Strictly, Python multiprocessing isn't supported on Windows Jupyter Notebook even if __name__="__main__" is added.
One workaround in Windows 10 is to connect windows browser with Jupyter server in WSL.
You could get the same experience as Linux.
You can set it manually or refer the script in https://github.com/mszhanyi/gemini
Another option: use dask, which plays nicely with Jupyter. Even if you don't need any of dask special data structures, you can use it simply to control multiple processes.
To handle the many quirks of getting multiprocess to play nice in Jupyter session, I've created a library mpify which allows one-time, multiprocess function executions, and passing things from the notebook to the subprocess with a simple API.
The Jupyter shell process itself can participate as a worker process. User can choose to gather results from all workers, or just one of them.
Here it is:
https://github.com/philtrade/mpify
Under the hood, it uses multiprocess -- an actively supported fork from the standard python multiprocessing library -- to allow locally defined variables/functions in the notebook, to be accessible in the subprocesses. It also uses the spawn start method, which is necessary if the subprocesses are to use multiple GPUs, an increasingly common use case. It uses Process() not Pool(), from the multiprocess API.
User can supply a custom context manager to acquire resources, setup/tear down execution environment surrounding the function execution. I've provided a sample context manager to support PyTorch's distributed data parallel (DDP) set up, and many more examples of how to train fastai v2 in Jupyter on multiple GPUs using DDP.

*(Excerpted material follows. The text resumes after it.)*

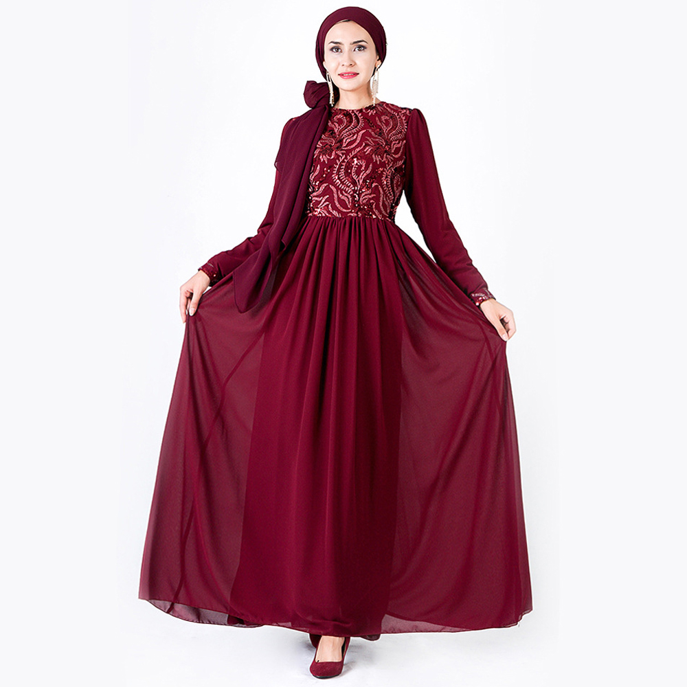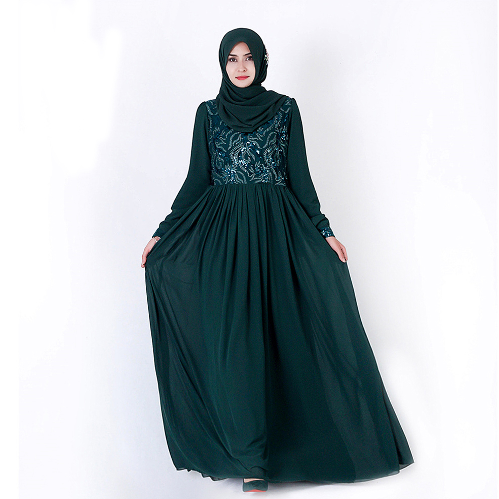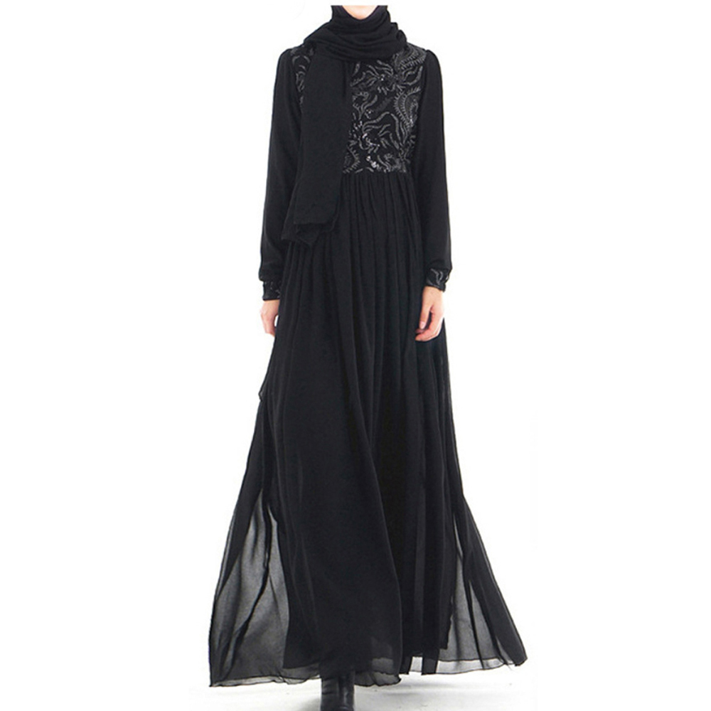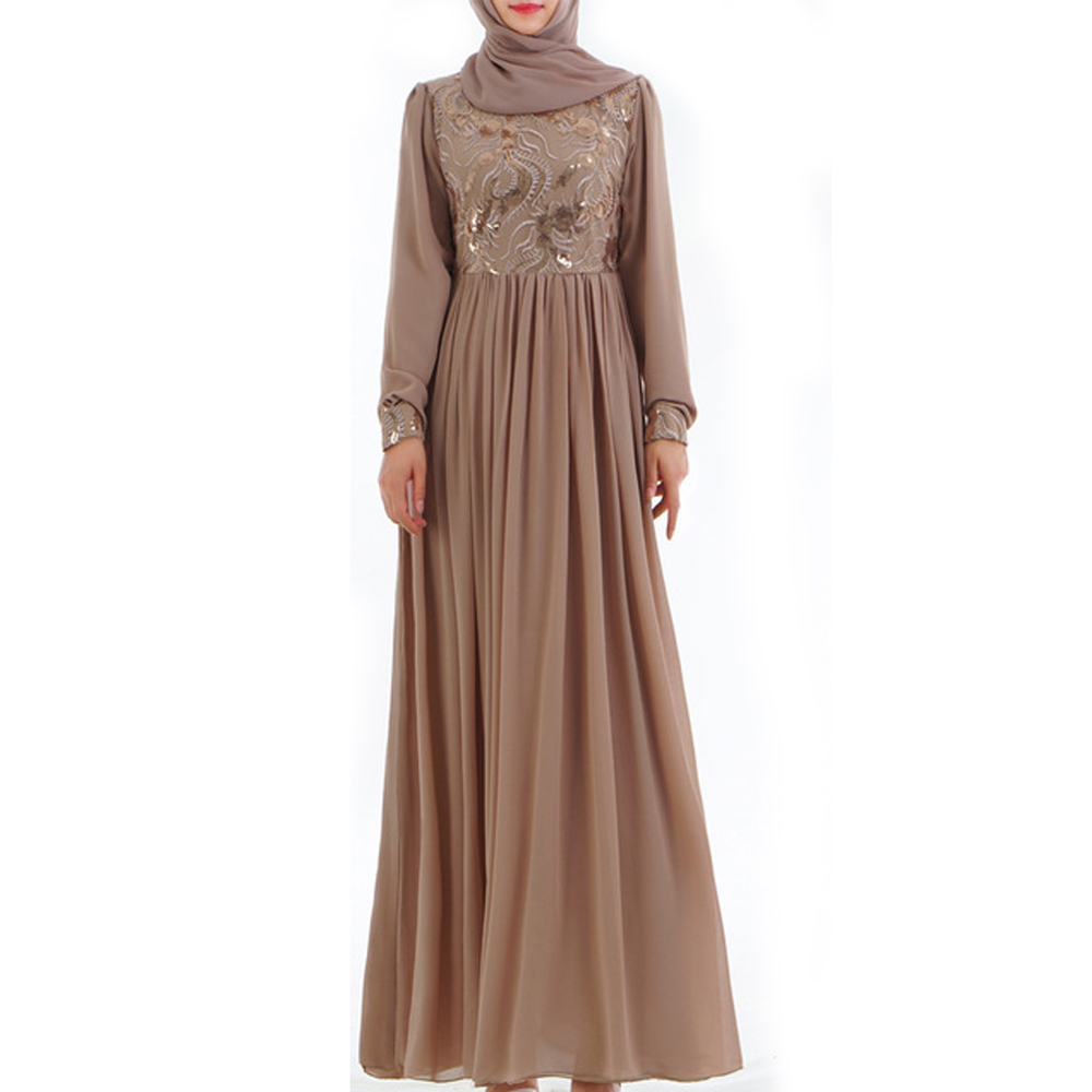 Y023 Women's Long Dress Abaya Modest Robe Ramadan Muslim Sequin 3D Embroidery Islam Chiffon Clothes Lace Without Hijab Scarf

Bug reports, PRs, use cases to share are all welcome.
By no means a fancy/powerful library, mpify only intends to support single-host/multiprocess kind of distributed setup, and simply spawn-execute-terminate. Nor does it support persistent pool of processes and fancy task scheduling -- ipyparallel or dask already does it.
I hope it can be useful to folks who're struggling with Jupyter + multiprocessing, and possible with multi-GPUs as well. Thanks.